Graphene grabbed headlines in 2010, when two physicists from the University of
Manchester in the U.K. won the Nobel Prize after isolating specks of carbon only one
atom thick. Subsequent experiments confirmed what scientists had believed for
decades: The anatomically thin samples -- graphene -- had incomparable physical
qualities.
Flakes were great for research, but as sheets, graphene has the potential to revolutionize
medical science, consumer electronics, and our ability to generate and store renewable
energy.
Meanwhile, across the Atlantic, the seeds of Graphene Frontiers were being sown. A.T.

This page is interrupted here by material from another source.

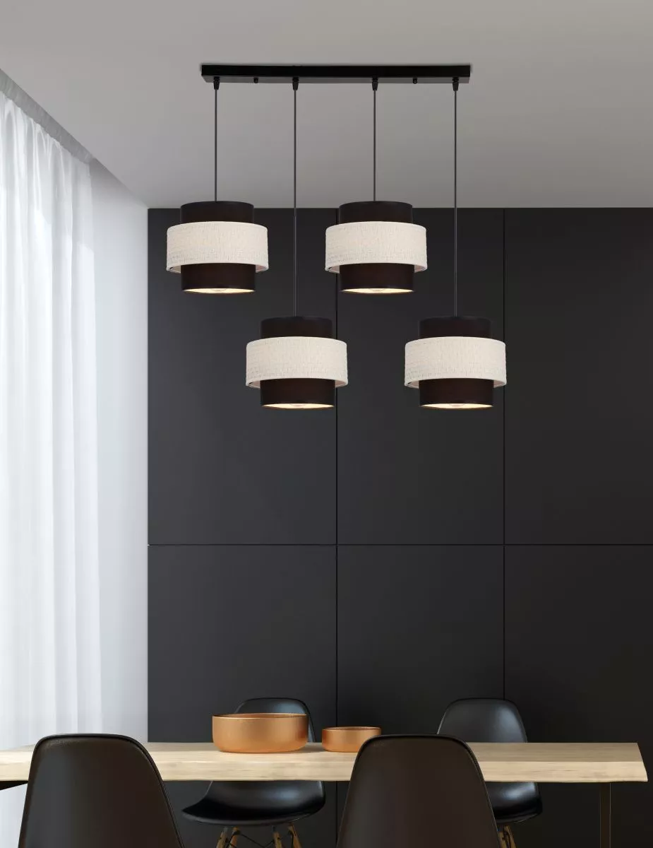 Závěsné moderní světlo nad jídelní stůl BENTA - 4xE27, 40W, černé / krémové

Charlie Johnson, head of a nanophysics laboratory at the University of Pennsylvania,
and postdoctoral researcher Zhengtang Luo were working together on a novel
production technique. They designed an "Atmospheric Pressure Chemical Vapor
Deposition" (APCVD) -- a process common to the semiconductor industry -- for making
graphene sheets.
Inexpensive, plentiful graphene is poised to send ripples through the supply chain and
enable flexible organic electronics to come to market. This new consumer technology -which uses carbon-based polymers instead of copper or silicone -- promises ultrathin,
flexible, sun-powered consumer devices and sheets of solar panels printed in rolls.

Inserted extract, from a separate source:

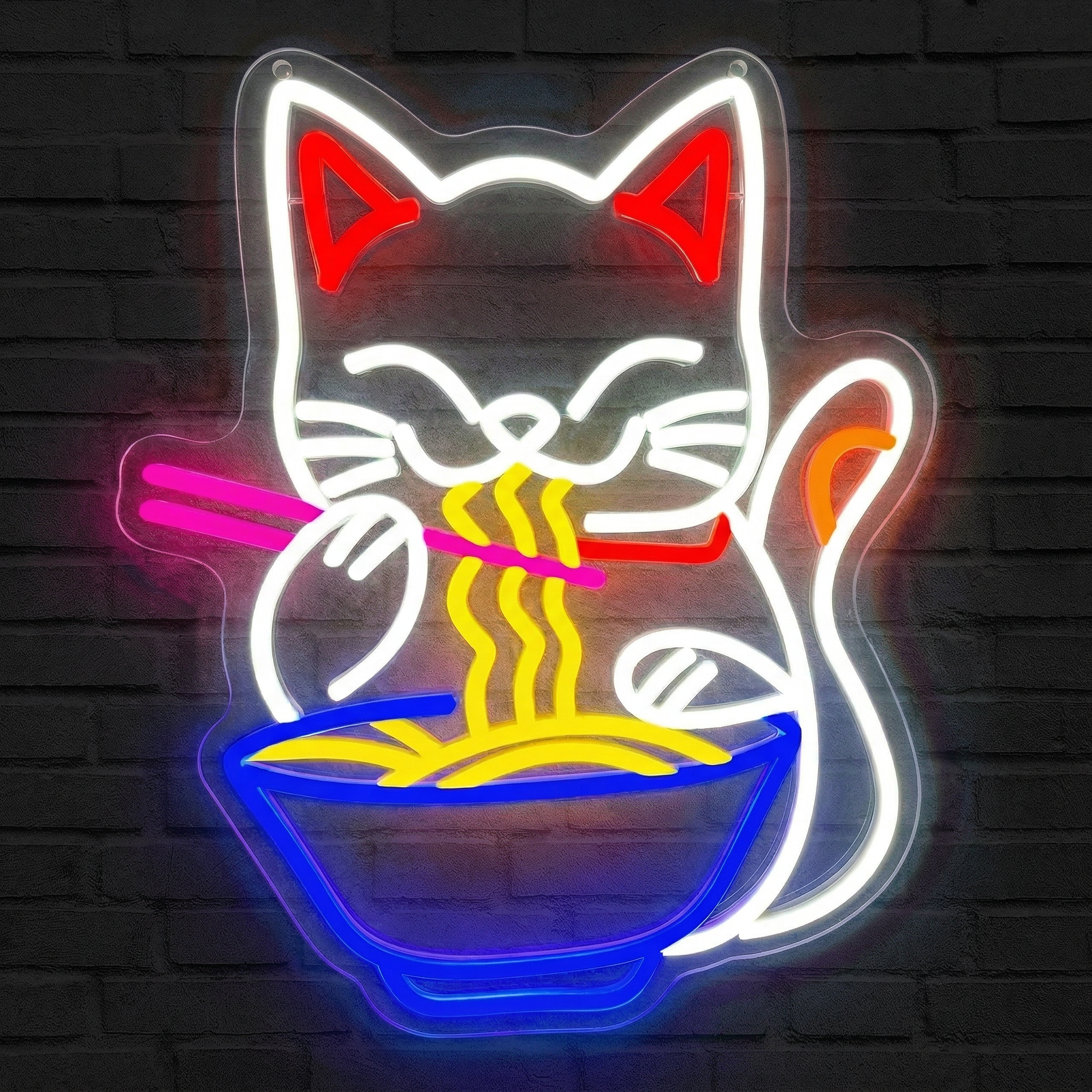 Dessiné avec soin pour capturer chaque détail de la scène — les baguettes, les nouilles, les oreilles du chat dressées —, ce néon est bien plus qu'une simple lampe. C'est un objet de déco à part entière, qui parle aussi bien aux amateurs de mangas qu'aux passionnés de street food japonaise, aux fans de chats ou aux amoureux de ramen. Un design universel dans son attrait, unique dans son exécution.

Johnson and Luo's company, Graphene Frontiers, is among the first manufacturers of
commercial-grade sheet graphene in the world. The company began atPenn's UPStart, a
program dedicated to technology commercialization. They eventually hired CEO Mike
Patterson, a Wharton MBA and former SVP of global delivery for Bank of America.

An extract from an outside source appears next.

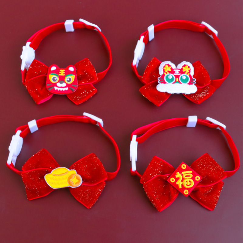 Cross-Border Amazon Hewan Peliharaan Kucing Anjing Kalung Lucu Suasana Festival Tahun Baru Dasi Kupu-Kupu Tahun Baru Dapat Disesuaikan Keamanan
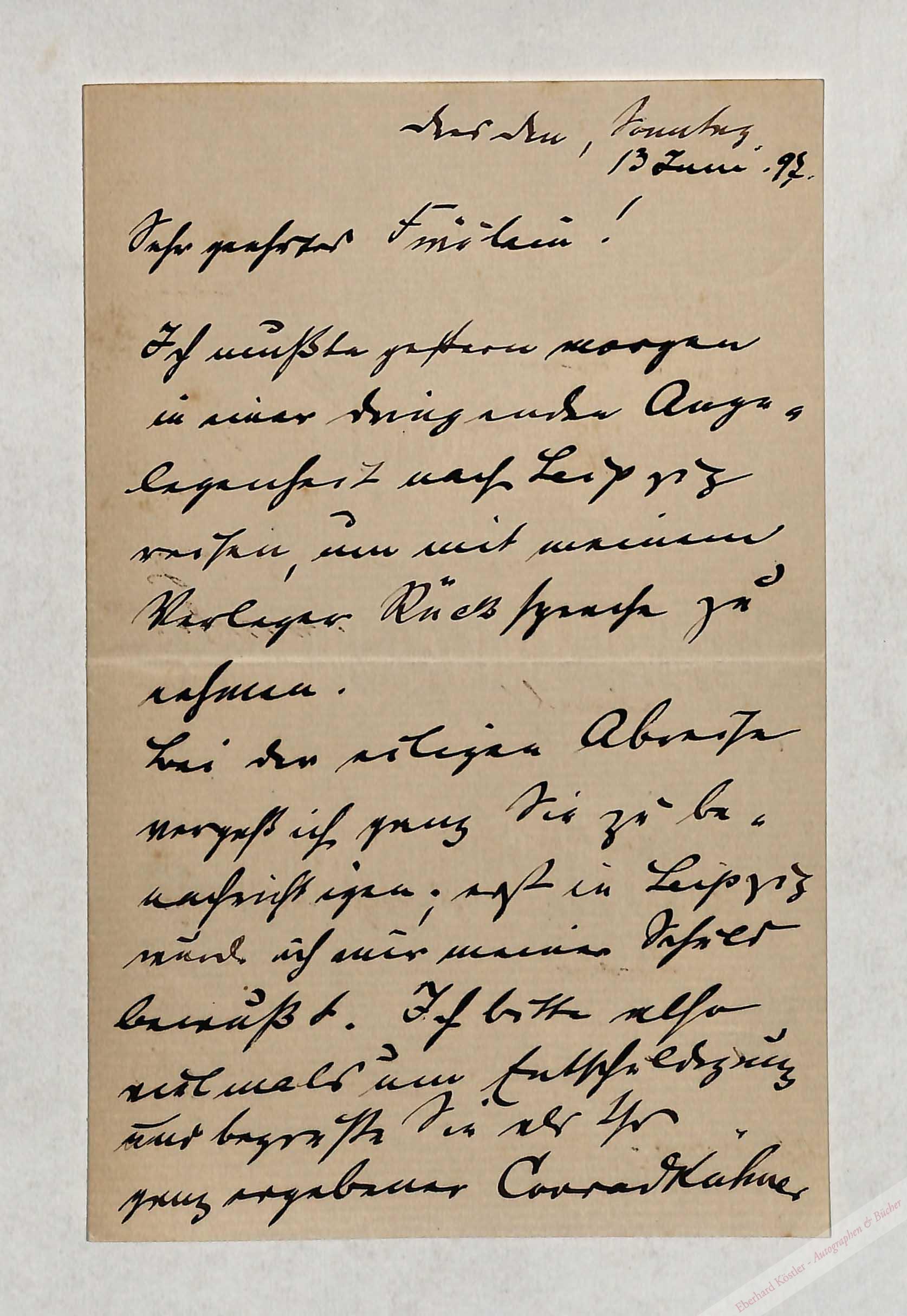„…Ich mußte gestern morgen in einer dringenden Angelegenheit nach Leipzig reisen, um mit meinem Verleger Rücksprache zu nehmen. Bei der eiligen Abreise vergaß ich ganz Sie zu benachrichtigen; erst in Leipzig wurde ich mir meiner Schuld bewußt. Ich bitte also vielmals um Entschuldigung…“ – Kühner wirkte u. a. als Klavierlehrer in Braunschweig.

In 2011, iCorps accepted Graphene Frontiers into their first cohort and the company
worked with entrepreneurial giant Steve Blank. In 2012, they opened their headquarters
at the University City Science Center's Port Business Incubator. Graphene Frontiers
receives grants from the National Science Foundations Small Business Innovation
Research Program and has earned an additional $500,000 in angel investment.
"You could do a lot with this material if you could manage to make a lot of it," says
Patterson. "Thats what [Graphene Frontiers] does. We have a way to make large-area
pieces of graphene relatively cheaply."